I am against prong collars on any animal, you should rely on training not pain to control an animal.


----------



## CritterCarnival (Sep 18, 2013)

One of the most misused collars on the market, I hate them on dogs and won't ever use one on a goat. Don't skimp on the training time and you won't need prong collars...on ANY animal.


----------



## HoosierShadow (Apr 20, 2010)

I'm sorry, but I have to say prong collars are GREAT if used properly!

My kids have some goats that were choking themselves on the regular chain collar w/the handle on the back of the neck. They'd bulk, scream, cough, etc. 
One of them we couldn't motivate her in any way, she'd throw herself down and that was that.

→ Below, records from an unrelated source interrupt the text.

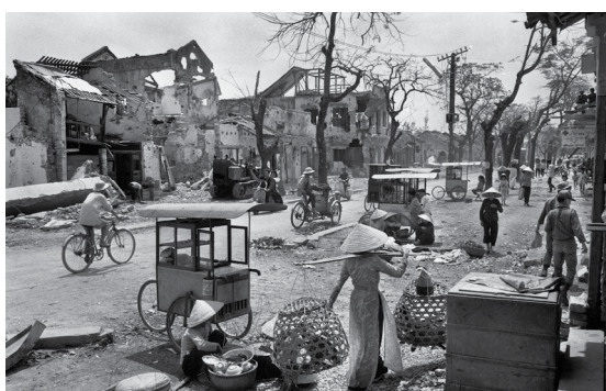
Huế, main street of the citadel, South Vietnam, 1968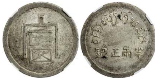
1914. YUNNAN: Republic , AR ½ tael (liang), ND (1943-44), KM-A1.2, L&M-434, struck for use in the French Indo-China opium trade, Chinese character fu ("wealth") at center // denomination in Laotian and Chinese, bold strike with frosty luster and rainbow toning, NGC graded AU55 $550 - 650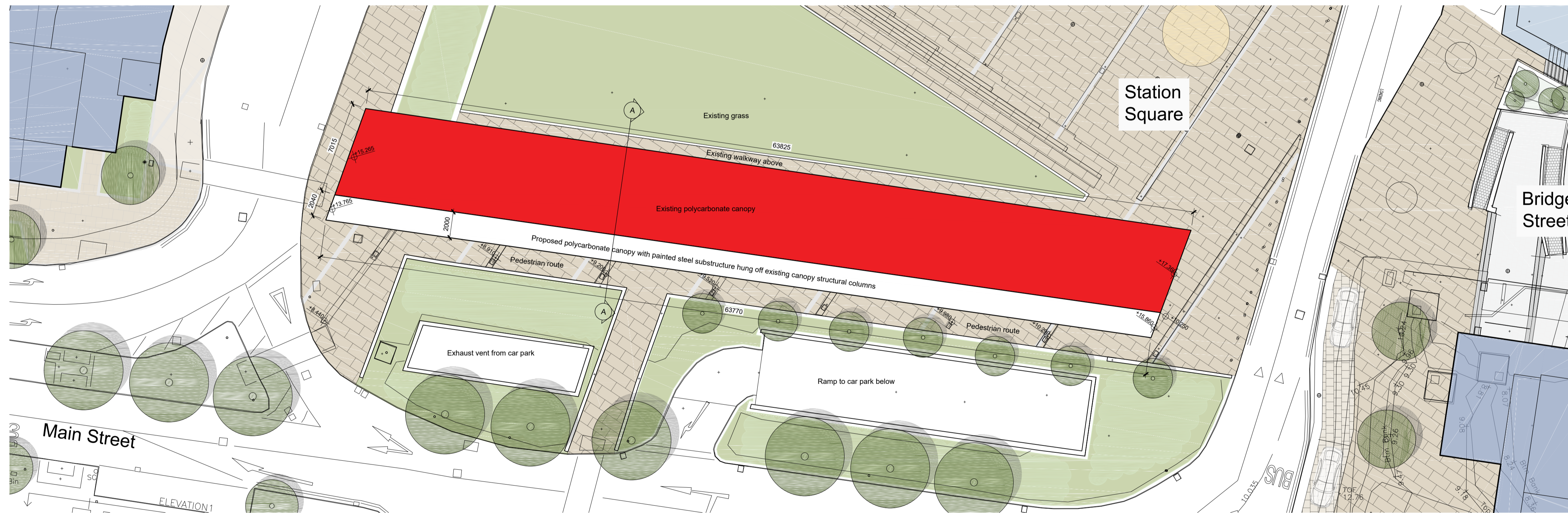
PROPOSED ROOF PLAN OF BIKE PARKING AND CANOPY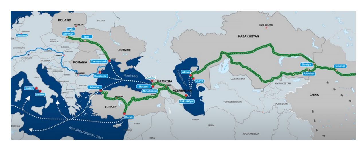
Figure 4: Middle Corridor Routes, March 2022

either crossing the Black Sea from Georgia to enter the EU through Romania or Bulgaria, or crossing the Adriatic to avoid passing through non-EU members in southeast Europe. Changes of transport mode lengthen the journey, reducing the benefits of rail over sea.<sup>23</sup> In March 2022, two Middle Corridor routes in common use ran from Baku either to a Georgian port and by sea to Constanta (Romania) or to Kars and then by rail to Istanbul or Mersin. In the short term, there are issues with coordinating documentation and rules (e.g. what constitutes a hazardous material shipment) among the countries and operators involved; by contrast, such issues had been long resolved on the China-Kazakhstan-Russia-Belarus-Poland route. Prior to Russia's invasion of Ukraine, less than 5% of Landbridge traffic used the Middle Corridor.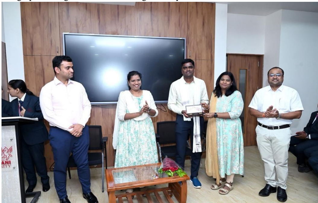
Fig.11. Direct Second Year B.Tech Induction Program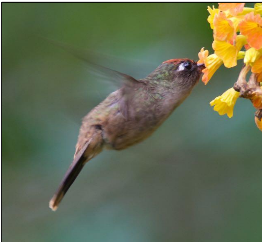
Santa Marta Blossomcrown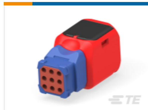
TE Part # D369-P99-NP1 Rectangular Connectors: 9-Way Plug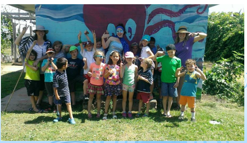
Lots more photos on Facebook: Cowichan Water Challenge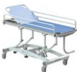
6200 4015 Amfora hydraulic Shower Trolley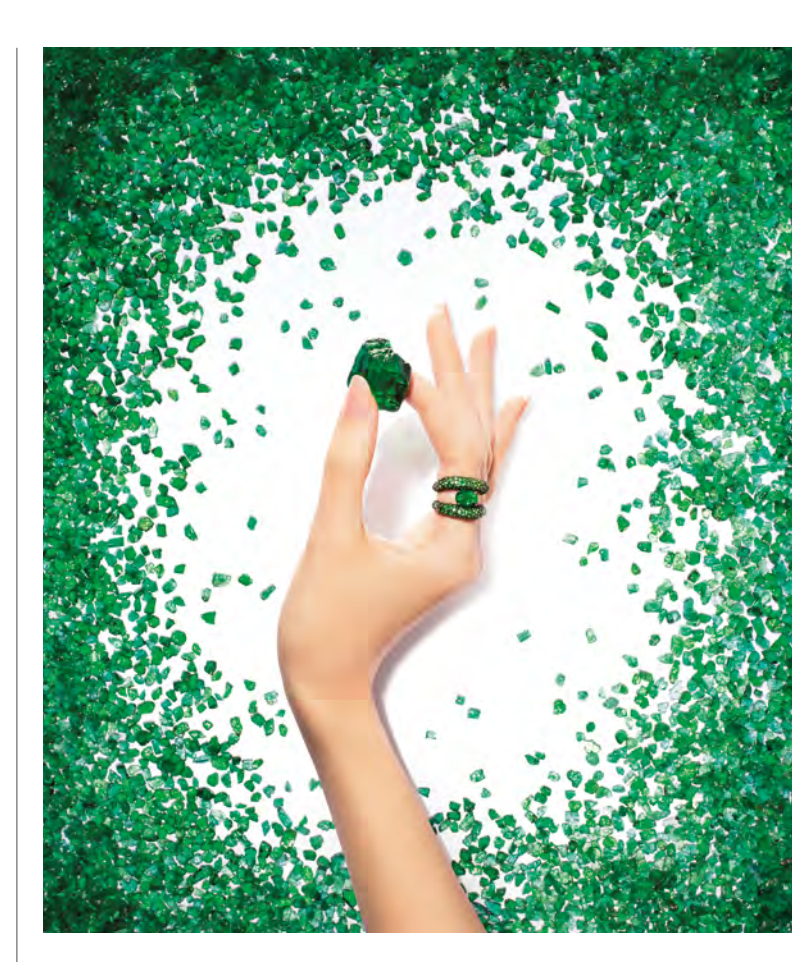
Image: Faberge Emotion Charmeuse Ring featuring an oval Gemfields' Zambian emerald centre gemstone and over 300 round, pavé-set emeralds, surrounded by rough Zambian emeralds from Kagem mine.

Selling, general and administrative expenses ("SG&A"), excluding impairment charges, were US$22.8 million compared with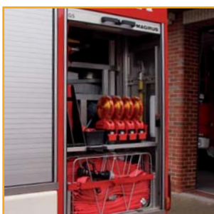
5. In the emergency vehicle

The 4-fold unit including cradles require a space of only 0,1 m 2 . The single lamps are „lightweights“ with approx. 1,8 kg including battery pack.

Last week we bought a prong collar, and OMG instant difference! The doe that would fight then throw herself down was suddenly walking like a pro! 
She is very much a different goat on the prong collar - she's more relaxed, and doesn't make a fuss. 
My son has a young doe that would throw a fit, scream, jump in the air. She was a little more stubborn on the prong collar at first, but she took to it and seemed to realize it wasn't so bad to be lead around.
It helps get their heads up, without a fight. On the chain collar they want to fight, choke, and throw a fit if you lift their head. On the prong collar you just gently pull back and they don't protest or complain.

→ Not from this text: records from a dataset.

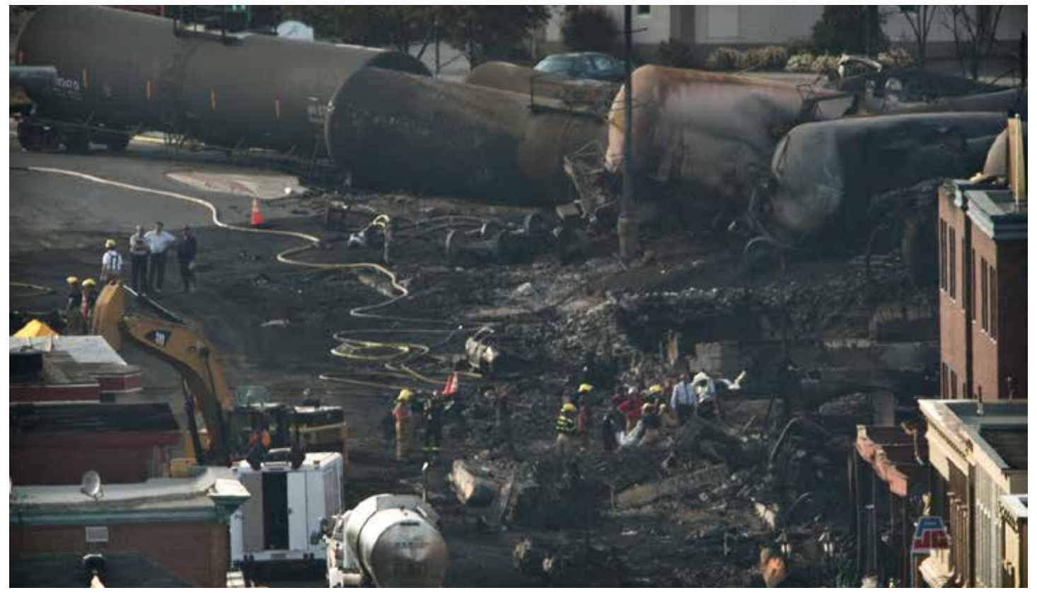
LAC-MEGANTIC QC - JULY 8: Search teams carry a large white bag out of the rubble in the town centre of Lac-MÈgantic during their search for the dead Monday evening. 47 people died from the tragedy after a train derailment caused a massive explosion early Saturday morning.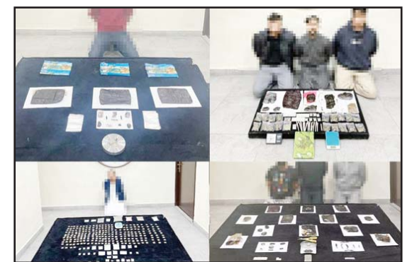
The alleged drug runners and the contraband seized.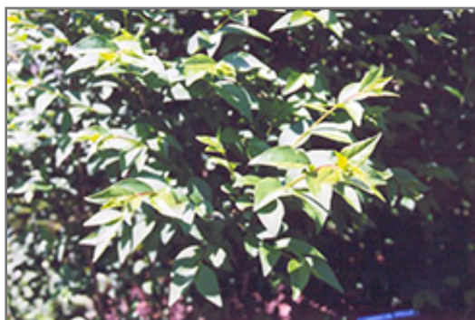
Common Privet foliage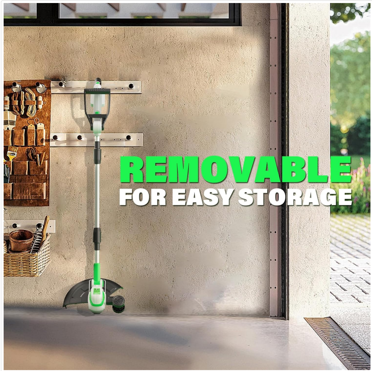
Figure 8: The weed wacker shown in a vertical storage position, highlighting its removable design for space-saving storage.

Both the weed wacker and leaf blower are designed for easy storage. The weed wacker can be disassembled or folded for compact storage. Store all components in a dry, secure location.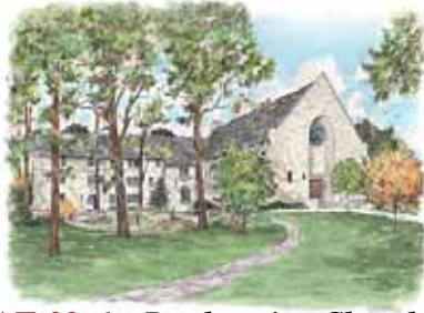
AT-22. 1st Presbyterian Church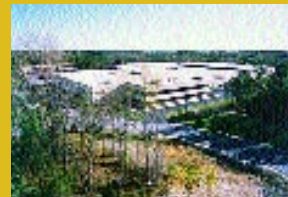
CREEDMOOR MFG. DIVISION Creedmoor, NC

Prong collars apply even pressure whereas, the chain collars do not, and that's why animals tend to choke & cough so much.
IMO the only reason these collars get a bad wrap is because of the people using them.

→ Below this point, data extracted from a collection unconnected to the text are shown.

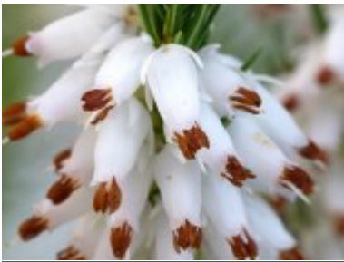
Erica carnea 'Isabell'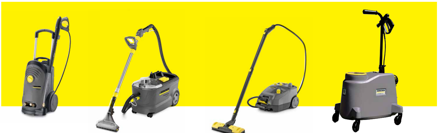
HD Compact Class Pressure Washer

The SG 4/4 steam cleaner and the Puzzi 10/1 Spotter will take care of your detailing needs, while the PS 4/7 Bp Mister can be sprayed inside vehicles to reduce the spread of viruses inside and outside your facility.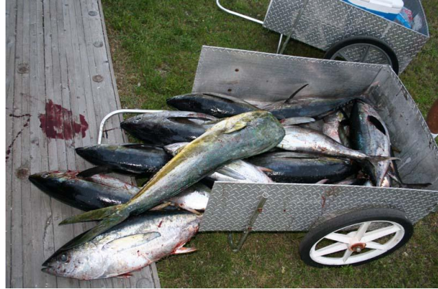
A Cart Full of Palagics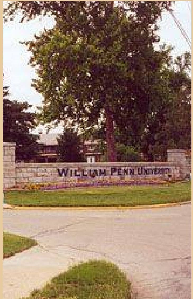
WILLIAM PENN UNIVERSITY SIGN

All WPU Students receive 10% off in store at Book Vault!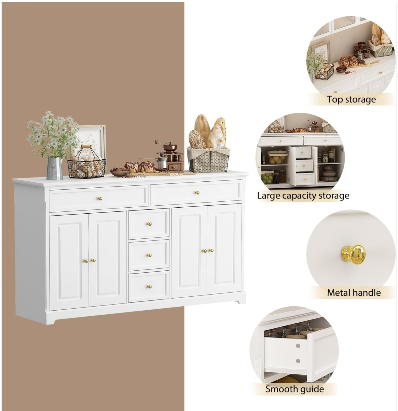
Image 4.2: A visual summary of the cabinet's key features, including its ample top storage, large internal capacity, durable metal handles, and smooth-gliding drawers.

Now, with that said, I do prefer that my kids show their market goats and showmanship goats with a regular chain collar. They will train with the prong as needed here at home, and show their breeding goats with the prong collar <the ones who don't like the chain collar>. With bracing market wethers, I don't like the kids to brace in them. My kids are used to holding the handle with one hand, and the chain under the neck with the other, so while they are bracing, they aren't putting too much pressure on their goats neck w/the chain and making them uncomfortable


----------



## kccountryfarm (Apr 2, 2014)

My 4H kids use dog choke collars for fair. I think it's more humane as well as it makes the kids train their goats instead of causing unneeded pain.


----------



## HoosierShadow (Apr 20, 2010)

Ok I want to know exactly what 'pain' you all are talking about? Our goats have shown absolutely no signs of this pain on a prong collar? They act very happy and relaxed.


----------



## CritterCarnival (Sep 18, 2013)

HoosierShadow said:


> Ok I want to know exactly what 'pain' you all are talking about? Our goats have shown absolutely no signs of this pain on a prong collar? They act very happy and relaxed.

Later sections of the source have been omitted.